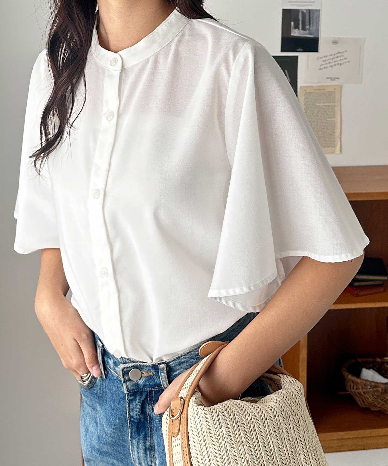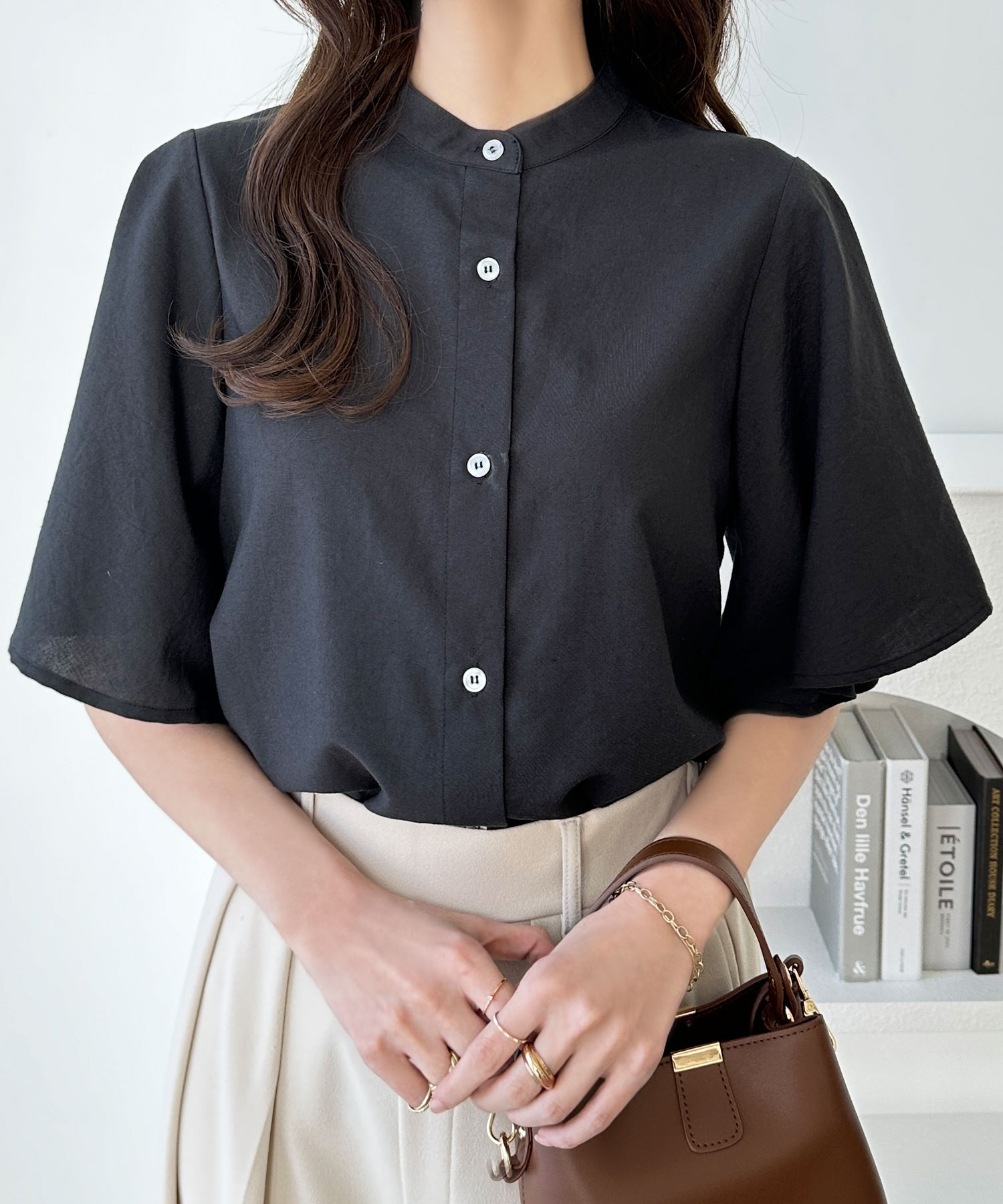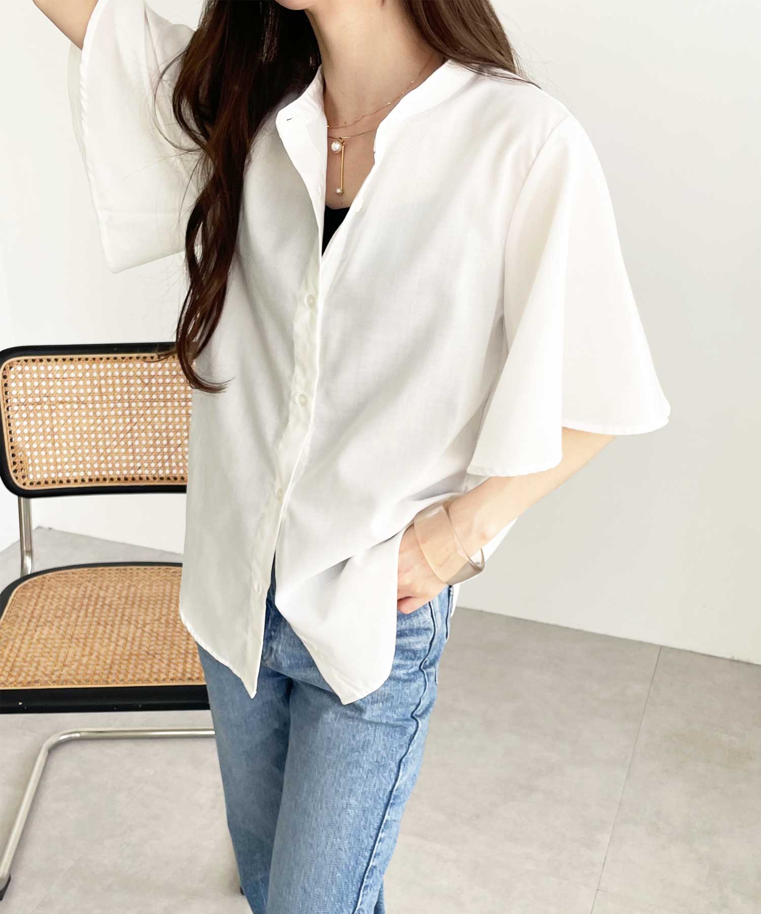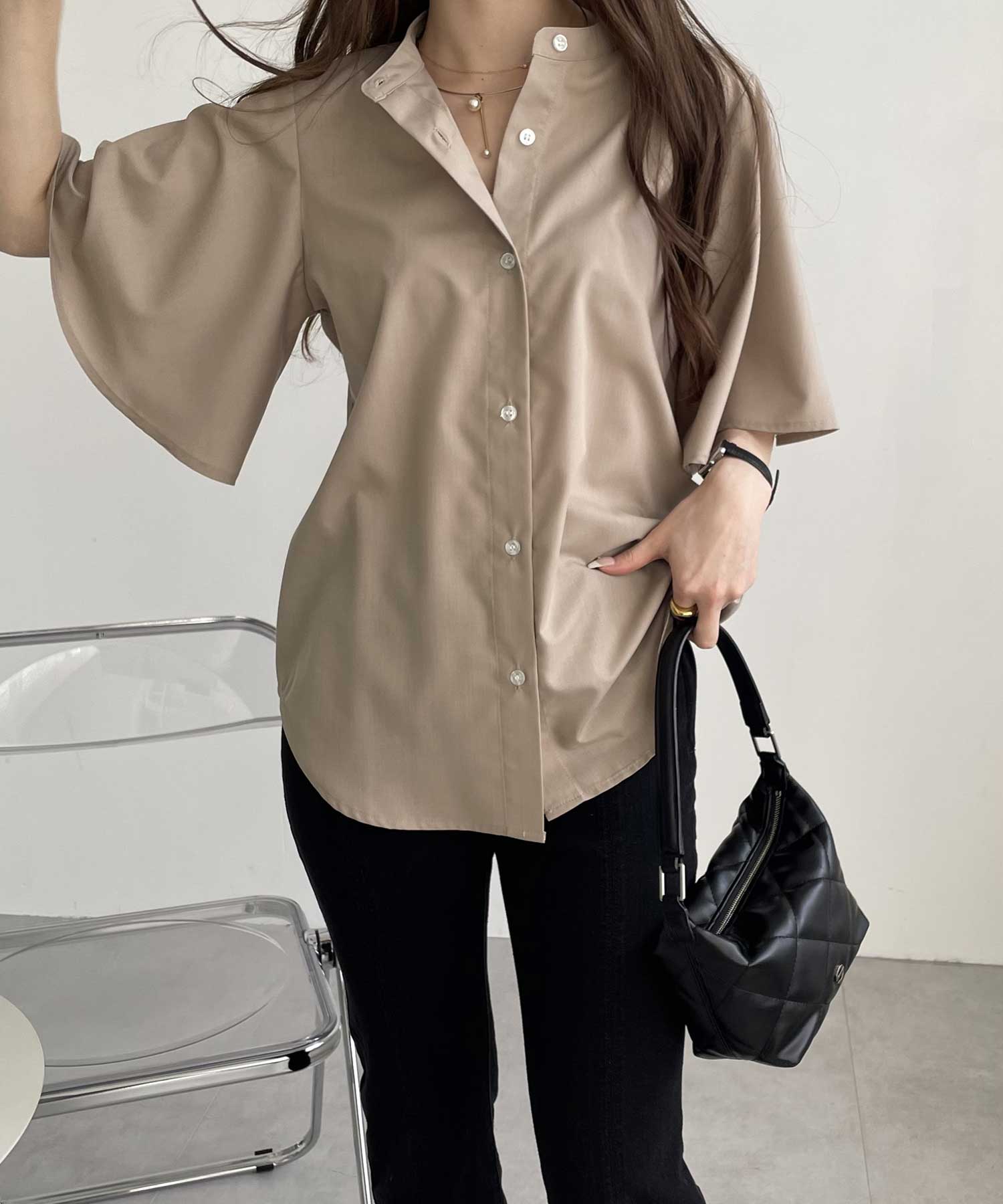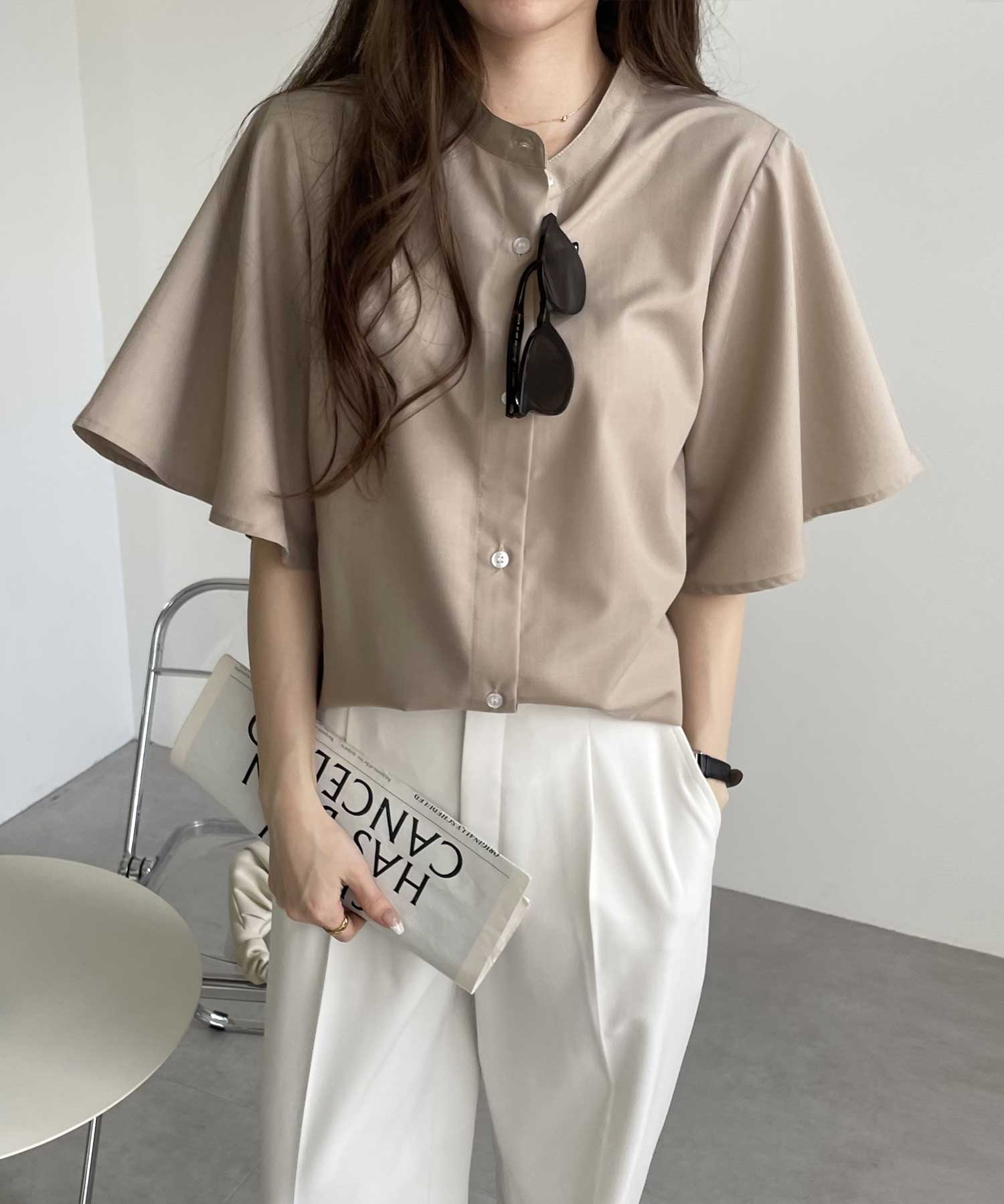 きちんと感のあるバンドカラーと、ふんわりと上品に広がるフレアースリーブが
==
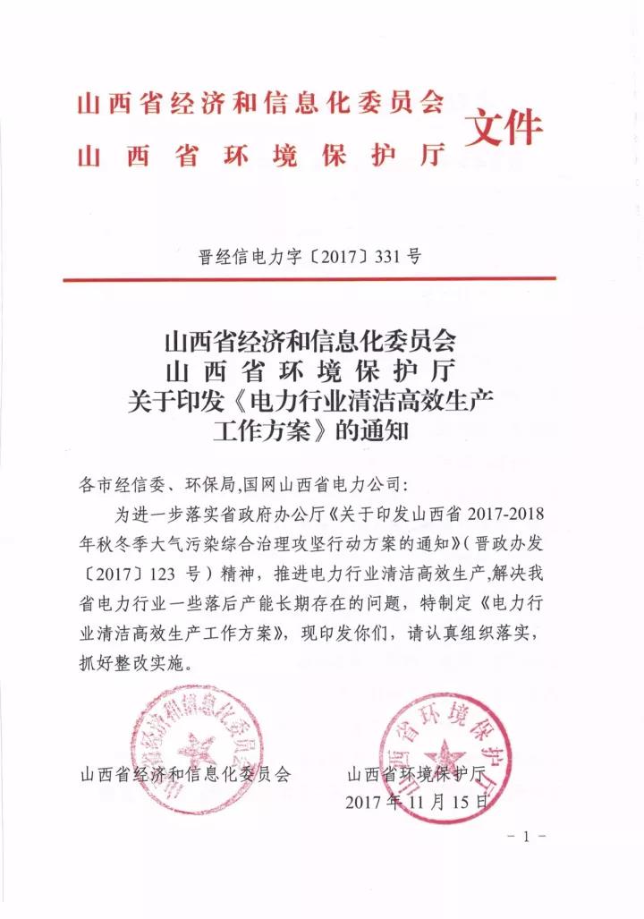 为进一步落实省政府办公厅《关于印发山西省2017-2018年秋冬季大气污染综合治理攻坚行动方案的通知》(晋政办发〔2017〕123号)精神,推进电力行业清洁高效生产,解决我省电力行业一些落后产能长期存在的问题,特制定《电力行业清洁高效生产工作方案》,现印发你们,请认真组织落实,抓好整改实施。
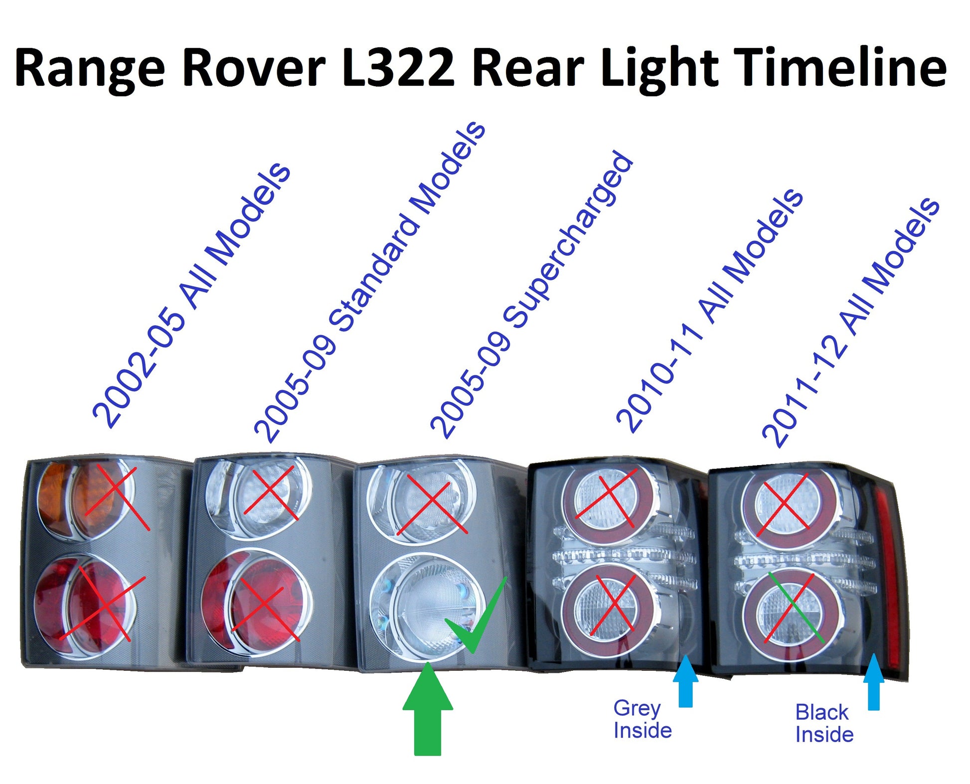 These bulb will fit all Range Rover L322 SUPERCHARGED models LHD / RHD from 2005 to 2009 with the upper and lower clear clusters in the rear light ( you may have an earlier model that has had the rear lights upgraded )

▶ [EXERCISE DETAILS]:
Only one stretch of the data is wanted: write out exactly the lines from the one holding "为进一步落实省政府办公厅《关" through the one holding "These bulb will", both included, without the pictures.

▶ [EXPECTED OUTPUT]:
 为进一步落实省政府办公厅《关于印发山西省2017-2018年秋冬季大气污染综合治理攻坚行动方案的通知》(晋政办发〔2017〕123号)精神,推进电力行业清洁高效生产,解决我省电力行业一些落后产能长期存在的问题,特制定《电力行业清洁高效生产工作方案》,现印发你们,请认真组织落实,抓好整改实施。
 These bulb will fit all Range Rover L322 SUPERCHARGED models LHD / RHD from 2005 to 2009 with the upper and lower clear clusters in the rear light ( you may have an earlier model that has had the rear lights upgraded )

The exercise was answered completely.